There may also be a high degree of social differentiation within a single category of beverage. Purcell (1994) notes that in Ancient Rome, wine was not simply the drink of the elite: its variety and calibrability allowed its use as a differentiator “even within exclusive, high-ranking circles”. Wine was, and is today in many cultures, “a focus of eloquent choices”.

"During their traditional cactus-wine ceremonies, the Papago of Mexico frequently became "falling-down drunk"- indeed, it was common practice among the more dandyish young men of the tribe to paint the soles of their feet with red dye, so that when they fell down drunk the attractive colour would show. Yet the drunken behaviour of the Papago on these occasions was invariably peaceful, harmonious and good-tempered. With the ‘white man’, however, came whiskey, which became associated with an entirely different type of drunken comportment involving aggression, fighting and other anti-social behaviours. These "two types of drinking" co-existed until the white man, in his wisdom, attempted to curb the ill-effects of alcohol on the Papago by banning all drinking, including the still-peaceful wine ceremonies. Prohibition failed, and the wine ceremonies eventually became indistinguishable, in terms of behaviour, from the secular whiskey-drinking."...http://www.sirc.org/publik/drinking6.html

Choice of beverage may also be a statement of affiliation, a declaration of membership in a particular group, generation, class, ‘tribe’, sub-culture or nation and its associated values, attitudes and beliefs.

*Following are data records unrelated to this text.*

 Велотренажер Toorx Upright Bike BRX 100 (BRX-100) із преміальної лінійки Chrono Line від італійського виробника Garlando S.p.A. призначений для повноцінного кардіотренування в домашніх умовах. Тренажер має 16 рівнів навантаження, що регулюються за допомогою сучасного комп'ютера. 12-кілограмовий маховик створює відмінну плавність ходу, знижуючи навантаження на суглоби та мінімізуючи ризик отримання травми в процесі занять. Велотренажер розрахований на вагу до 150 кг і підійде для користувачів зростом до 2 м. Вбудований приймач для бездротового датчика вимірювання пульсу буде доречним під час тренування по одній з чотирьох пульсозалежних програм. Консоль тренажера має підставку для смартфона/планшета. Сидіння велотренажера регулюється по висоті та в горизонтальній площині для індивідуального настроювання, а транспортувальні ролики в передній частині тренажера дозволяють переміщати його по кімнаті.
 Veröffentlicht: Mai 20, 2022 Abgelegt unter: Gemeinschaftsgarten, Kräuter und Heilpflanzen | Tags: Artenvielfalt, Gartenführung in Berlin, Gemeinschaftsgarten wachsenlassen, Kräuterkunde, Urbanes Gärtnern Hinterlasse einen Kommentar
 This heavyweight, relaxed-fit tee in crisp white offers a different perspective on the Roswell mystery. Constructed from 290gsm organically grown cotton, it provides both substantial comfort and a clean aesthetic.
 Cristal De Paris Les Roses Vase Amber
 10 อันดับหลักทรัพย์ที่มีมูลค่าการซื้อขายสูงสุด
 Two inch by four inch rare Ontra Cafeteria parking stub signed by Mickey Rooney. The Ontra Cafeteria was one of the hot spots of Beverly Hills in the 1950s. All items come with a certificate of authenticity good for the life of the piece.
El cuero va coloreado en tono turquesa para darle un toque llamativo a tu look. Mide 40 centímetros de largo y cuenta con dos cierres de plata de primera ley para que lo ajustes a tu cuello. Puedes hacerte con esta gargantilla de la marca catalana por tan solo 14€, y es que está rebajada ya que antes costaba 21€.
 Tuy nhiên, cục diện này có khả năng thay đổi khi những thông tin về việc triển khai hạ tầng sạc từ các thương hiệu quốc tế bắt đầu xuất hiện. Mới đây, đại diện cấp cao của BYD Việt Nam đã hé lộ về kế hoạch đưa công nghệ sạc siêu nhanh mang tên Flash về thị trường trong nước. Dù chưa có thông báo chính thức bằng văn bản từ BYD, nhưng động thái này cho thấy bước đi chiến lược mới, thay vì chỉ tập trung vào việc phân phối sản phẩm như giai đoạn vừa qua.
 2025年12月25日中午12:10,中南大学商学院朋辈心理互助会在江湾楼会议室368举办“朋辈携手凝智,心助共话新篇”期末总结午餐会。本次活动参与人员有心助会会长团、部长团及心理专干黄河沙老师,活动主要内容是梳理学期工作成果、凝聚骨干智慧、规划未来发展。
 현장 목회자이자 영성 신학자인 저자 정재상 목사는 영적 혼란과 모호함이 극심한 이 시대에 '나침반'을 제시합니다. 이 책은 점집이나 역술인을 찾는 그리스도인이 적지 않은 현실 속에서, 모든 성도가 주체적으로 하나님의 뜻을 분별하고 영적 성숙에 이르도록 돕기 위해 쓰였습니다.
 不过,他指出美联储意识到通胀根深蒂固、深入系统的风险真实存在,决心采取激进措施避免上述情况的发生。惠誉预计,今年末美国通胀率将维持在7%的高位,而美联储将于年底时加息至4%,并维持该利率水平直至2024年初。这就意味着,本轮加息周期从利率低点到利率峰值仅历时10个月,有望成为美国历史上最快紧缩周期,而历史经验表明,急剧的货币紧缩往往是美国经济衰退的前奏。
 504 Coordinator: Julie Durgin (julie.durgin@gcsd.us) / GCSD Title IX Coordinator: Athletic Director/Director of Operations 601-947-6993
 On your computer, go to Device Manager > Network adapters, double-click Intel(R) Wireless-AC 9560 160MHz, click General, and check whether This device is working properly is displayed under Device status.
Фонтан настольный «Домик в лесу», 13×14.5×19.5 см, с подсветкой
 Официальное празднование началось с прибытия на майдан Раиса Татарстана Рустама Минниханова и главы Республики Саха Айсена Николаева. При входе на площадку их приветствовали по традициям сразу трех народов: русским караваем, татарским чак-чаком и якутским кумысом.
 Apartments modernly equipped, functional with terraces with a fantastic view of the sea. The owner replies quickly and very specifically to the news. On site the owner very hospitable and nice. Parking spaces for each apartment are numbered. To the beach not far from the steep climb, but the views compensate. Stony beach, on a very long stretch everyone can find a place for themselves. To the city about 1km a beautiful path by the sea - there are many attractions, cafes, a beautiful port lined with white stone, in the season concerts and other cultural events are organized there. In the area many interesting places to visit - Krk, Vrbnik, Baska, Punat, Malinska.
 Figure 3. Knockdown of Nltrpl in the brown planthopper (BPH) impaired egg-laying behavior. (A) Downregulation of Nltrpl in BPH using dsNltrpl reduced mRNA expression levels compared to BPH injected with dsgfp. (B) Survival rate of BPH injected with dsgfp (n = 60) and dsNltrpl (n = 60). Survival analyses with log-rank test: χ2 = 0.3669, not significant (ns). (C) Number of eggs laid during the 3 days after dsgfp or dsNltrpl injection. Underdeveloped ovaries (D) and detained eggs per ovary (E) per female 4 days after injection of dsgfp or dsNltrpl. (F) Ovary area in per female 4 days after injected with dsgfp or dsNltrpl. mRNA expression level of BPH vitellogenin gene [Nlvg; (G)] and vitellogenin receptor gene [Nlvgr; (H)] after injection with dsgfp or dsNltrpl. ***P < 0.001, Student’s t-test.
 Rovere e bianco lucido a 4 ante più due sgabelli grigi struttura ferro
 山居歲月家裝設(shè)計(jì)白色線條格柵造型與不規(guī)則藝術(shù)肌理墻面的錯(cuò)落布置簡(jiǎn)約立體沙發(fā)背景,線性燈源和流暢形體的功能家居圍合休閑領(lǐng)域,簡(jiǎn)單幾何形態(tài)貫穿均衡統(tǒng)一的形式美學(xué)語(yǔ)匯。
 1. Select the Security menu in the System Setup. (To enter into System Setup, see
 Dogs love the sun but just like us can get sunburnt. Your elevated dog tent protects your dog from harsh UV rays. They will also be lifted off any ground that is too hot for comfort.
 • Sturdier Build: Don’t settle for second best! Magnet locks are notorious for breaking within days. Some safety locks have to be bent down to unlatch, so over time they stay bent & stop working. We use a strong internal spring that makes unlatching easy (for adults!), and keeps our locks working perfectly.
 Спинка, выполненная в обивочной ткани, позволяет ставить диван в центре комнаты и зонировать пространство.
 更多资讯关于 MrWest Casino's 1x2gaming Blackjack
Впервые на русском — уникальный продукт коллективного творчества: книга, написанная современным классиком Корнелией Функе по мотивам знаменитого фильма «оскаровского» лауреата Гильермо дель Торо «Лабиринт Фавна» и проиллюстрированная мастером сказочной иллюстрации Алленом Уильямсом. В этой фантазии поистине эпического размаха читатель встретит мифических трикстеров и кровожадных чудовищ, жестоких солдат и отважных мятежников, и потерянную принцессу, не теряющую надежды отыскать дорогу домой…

Certain drinks, for example, have become symbols of national identity: Guinness for the Irish, tequila for Mexicans, whisky for Scots, ouzo for Greeks etc.; and to choose, serve – or indeed refuse – one’s national beverage can be a powerful expression of one’s loyalties and cultural identity. The ‘national drink’ is often the symbolic locus for positive, sometimes idealised or romanticised, images of the national character, culture and way of life. For Scottish Highlanders, for example, whisky represents traditional values of egalitarianism, generosity and virility, and to refuse a ‘dram’ may be seen as a rejection of these values (Macdonald, 1994).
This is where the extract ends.